▸ Task requirements:
Write out again, exactly as they appear, the lines from the start of the data below through the line with "Consiente tu día"; no pictures.

▸ Record extracts:
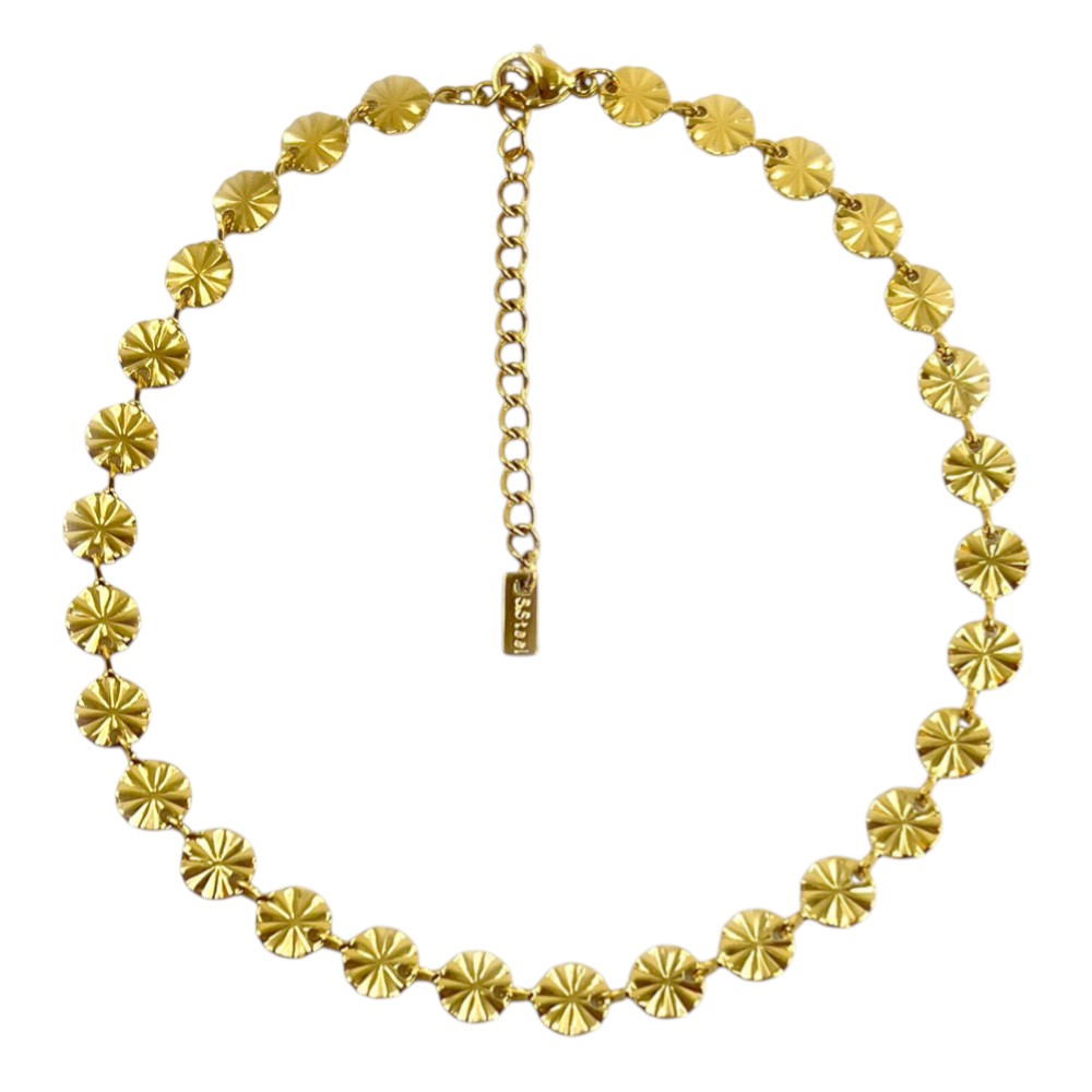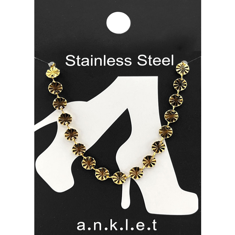 Details • Size : 0.25" H, 9.5" + 2.5" L • Lobster Clasp Closure • Modern stainless steel anklet featuring fan-textured round discs. Adds eye-catching movement and a refined edge to casual or dressy styles. Durable and comfortable for everyday wear. • Stainless Steel
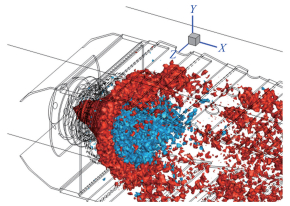| Fig.9 Iso-surface of liquid particle axis velocity is 5m/s (red surface) and -1m/s (blue surface) respectively 图 9 燃料质量分数为0.015的等值面图 |
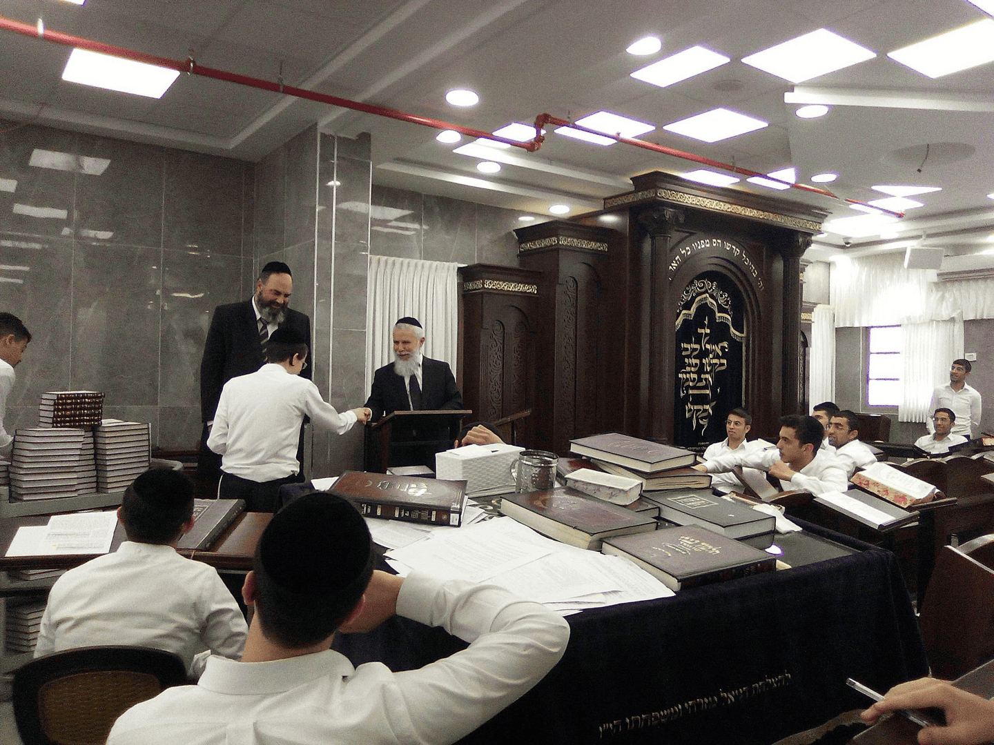 הבחורים קיבלו מראש הישיבה הגאון רבי זמיר כהן שליט"א סט ספרים 'חזון עובדיה – שבת' ו' כרכים למרן רבינו עובדיה יוסף זיע"א מוטבעים בלוגו הישיבה.
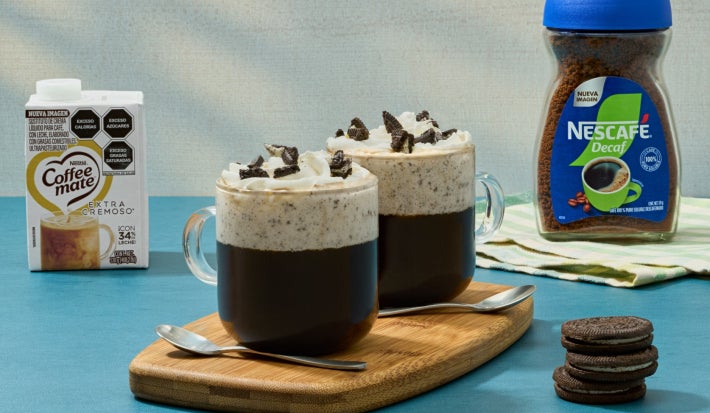 Consiente tu día con COOKIES & CREAM COFFEE hecho con NESCAFÉ® DECAF® y COFFEE MATE®. Café cremoso con galletas de chocolate y topping de crema batida.
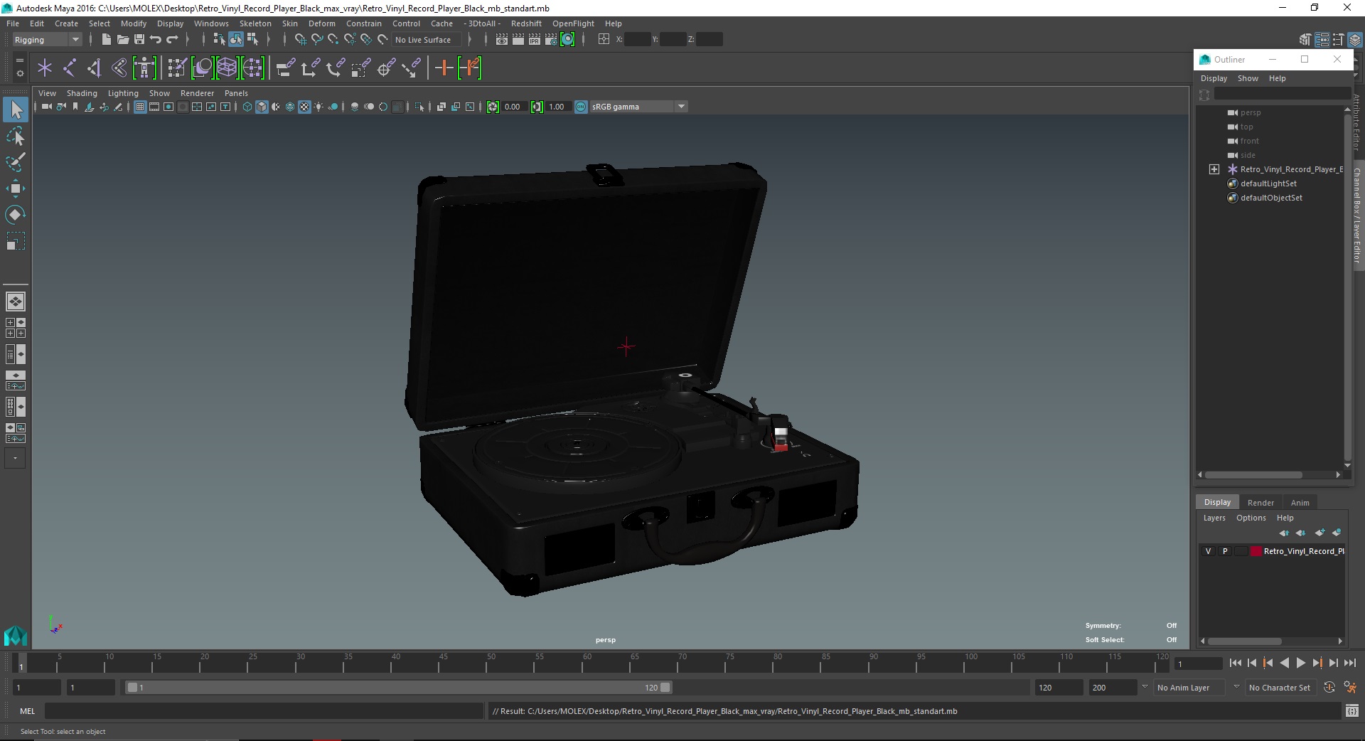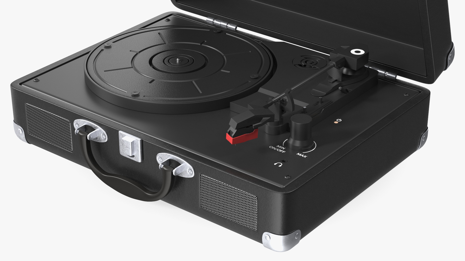 Retro Vinyl Record Player Black is a 3D model of modern replica (remake) of the antique vinyl record player which is suitcase type turntable appliance.
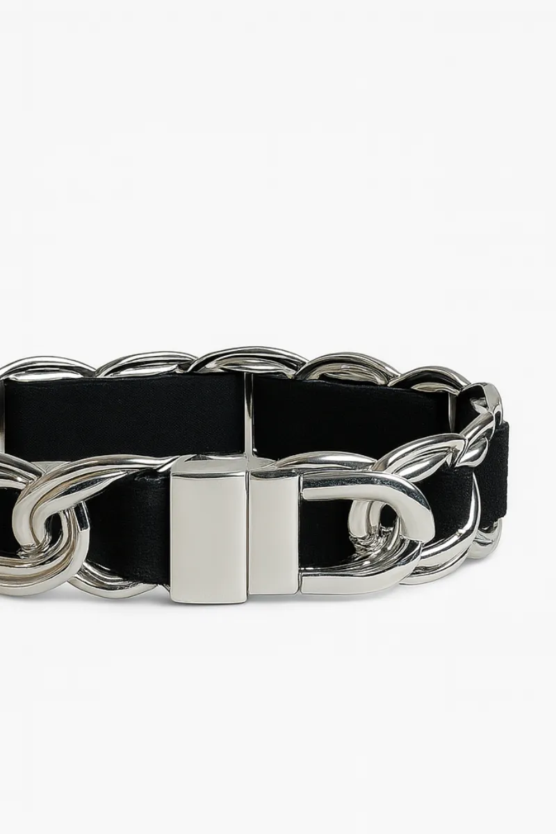 ремінь в чорному кольорі, з масивними срібними ланками
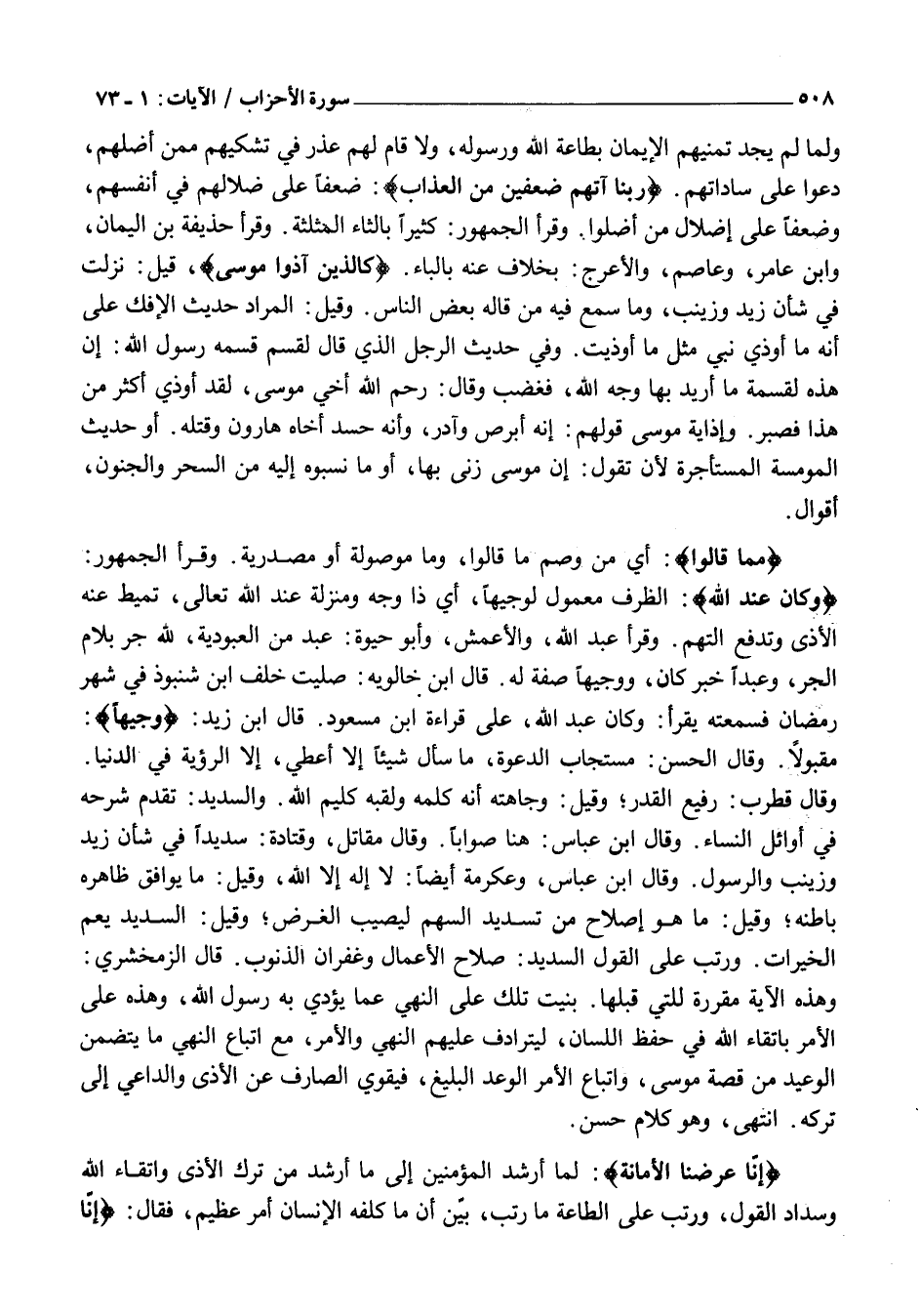 وَقَالَ قُطْرُبٌ: رَفِيعَ الْقَدْرِ وَقِيلَ: وَجَاهَتُهُ أَنَّهُ كَلَّمَهُ وَلَقَّبَهُ كَلِيمَ اللَّهِ. وَالسَّدِيدُ: تَقَدَّمَ شَرْحُهُ فِي أَوَائِلِ النِّسَاءِ. وَقَالَ ابْنُ عَبَّاسٍ: هُنَا صَوَابًا. وَقَالَ مُقَاتِلٌ، وَقَتَادَةُ: سَدِيدًا فِي شَأْنِ زَيْدٍ وَزَيْنَبَ وَالرَّسُولِ. وَقَالَ ابْنُ عَبَّاسٍ، وَعِكْرِمَةُ أَيْضًا: لَا إِلَهَ إِلَّا اللَّهُ، وَقِيلَ: مَا يُوَافِقُ ظَاهِرُهُ بَاطِنَهُ وَقِيلَ: مَا هُوَ إِصْلَاحٌ مِنْ تَسْدِيدِ السَّهْمِ لِيُصِيبَ الْغَرَضَ وَقِيلَ: السَّدِيدُ يَعُمُّ الْخَيْرَاتِ. وَرُتِّبَ عَلَى الْقَوْلِ السَّدِيدِ: صَلَاحُ الْأَعْمَالِ وَغُفْرَانُ الذُّنُوبِ. قَالَ الزَّمَخْشَرِيُّ:
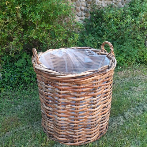 Flettet sankekurv med hank i naturfarvet flet - fod til at sanke
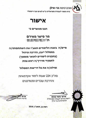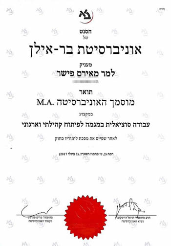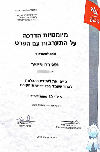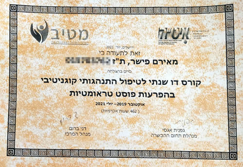 גלריית תמונות ותעודות הסמכה של מאירם פישר – טיפולי פסיכותרפיה CBT EMDR טיפול זוגי והדרכת הורים בירושלים ובאונליין

▸ Answer area:
 Details • Size : 0.25" H, 9.5" + 2.5" L • Lobster Clasp Closure • Modern stainless steel anklet featuring fan-textured round discs. Adds eye-catching movement and a refined edge to casual or dressy styles. Durable and comfortable for everyday wear. • Stainless Steel
| Fig.9 Iso-surface of liquid particle axis velocity is 5m/s (red surface) and -1m/s (blue surface) respectively 图 9 燃料质量分数为0.015的等值面图 |
 הבחורים קיבלו מראש הישיבה הגאון רבי זמיר כהן שליט"א סט ספרים 'חזון עובדיה – שבת' ו' כרכים למרן רבינו עובדיה יוסף זיע"א מוטבעים בלוגו הישיבה.
 Consiente tu día con COOKIES & CREAM COFFEE hecho con NESCAFÉ® DECAF® y COFFEE MATE®. Café cremoso con galletas de chocolate y topping de crema batida.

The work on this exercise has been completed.